» Exercise description:
Where the listing shows an image, skip it and output all other material unchanged.
The data below:
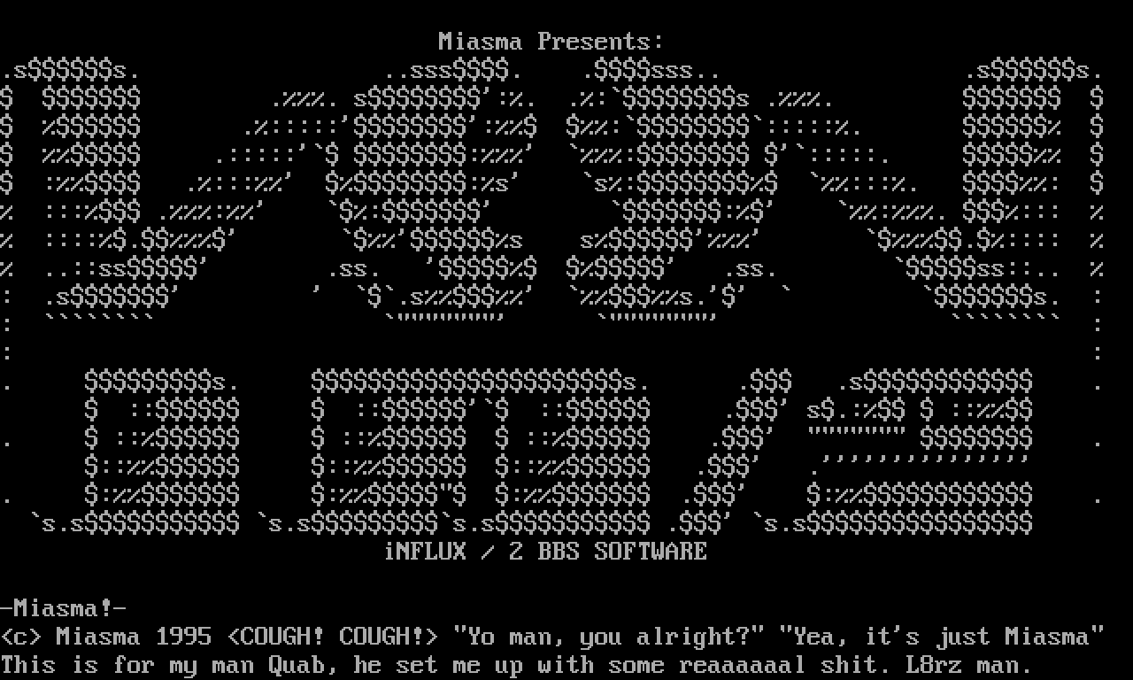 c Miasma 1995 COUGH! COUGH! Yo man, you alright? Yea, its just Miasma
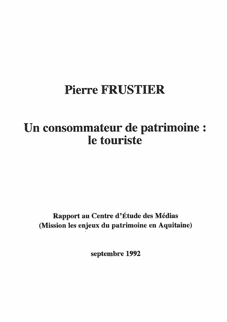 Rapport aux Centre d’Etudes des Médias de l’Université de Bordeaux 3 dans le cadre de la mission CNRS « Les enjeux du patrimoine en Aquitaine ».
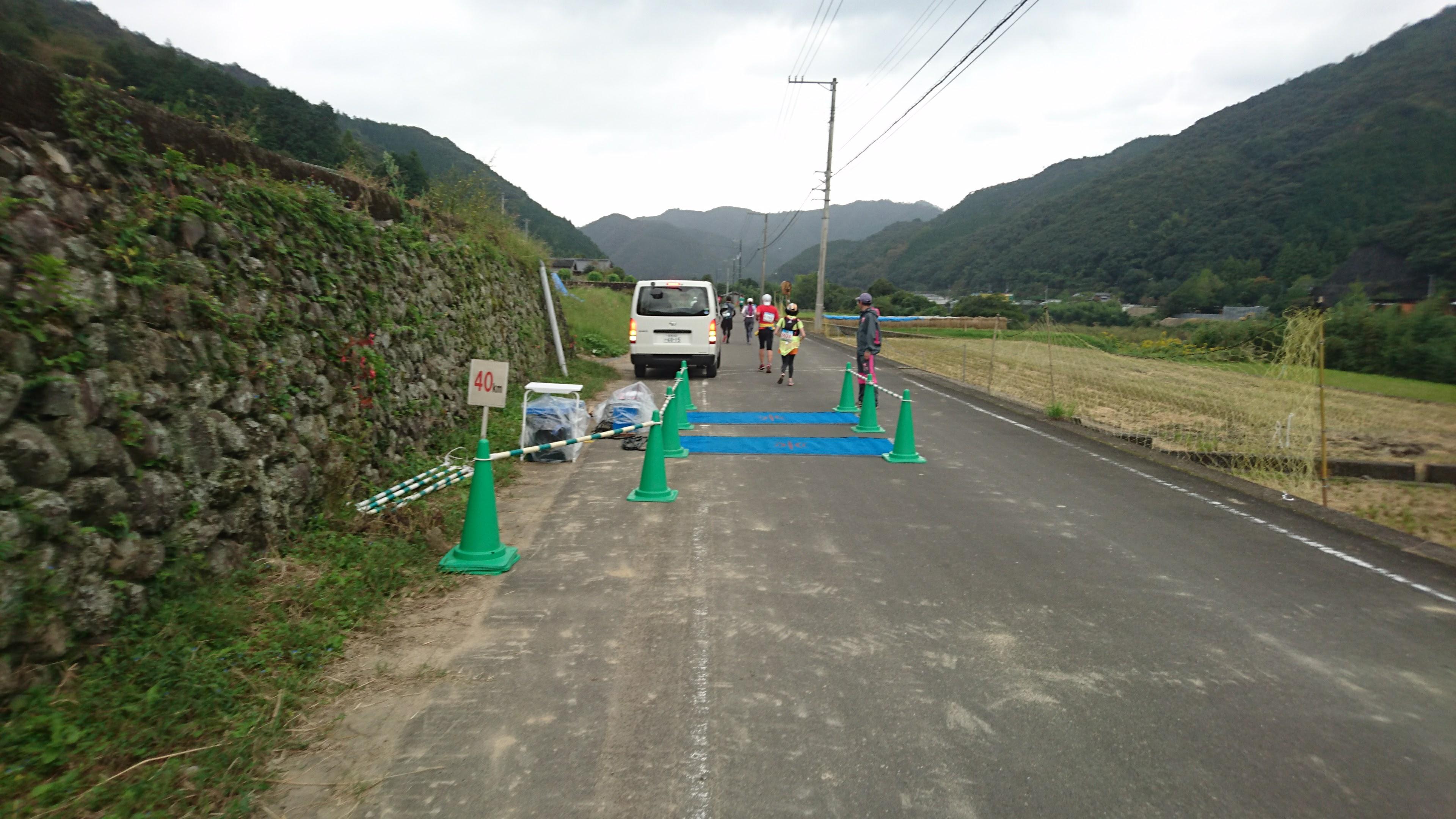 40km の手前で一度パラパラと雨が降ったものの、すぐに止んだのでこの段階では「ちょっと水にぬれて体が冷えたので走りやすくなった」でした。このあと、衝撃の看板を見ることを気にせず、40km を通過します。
End of The data.
» Task answer:
 c Miasma 1995 COUGH! COUGH! Yo man, you alright? Yea, its just Miasma
 Rapport aux Centre d’Etudes des Médias de l’Université de Bordeaux 3 dans le cadre de la mission CNRS « Les enjeux du patrimoine en Aquitaine ».
 40km の手前で一度パラパラと雨が降ったものの、すぐに止んだのでこの段階では「ちょっと水にぬれて体が冷えたので走りやすくなった」でした。このあと、衝撃の看板を見ることを気にせず、40km を通過します。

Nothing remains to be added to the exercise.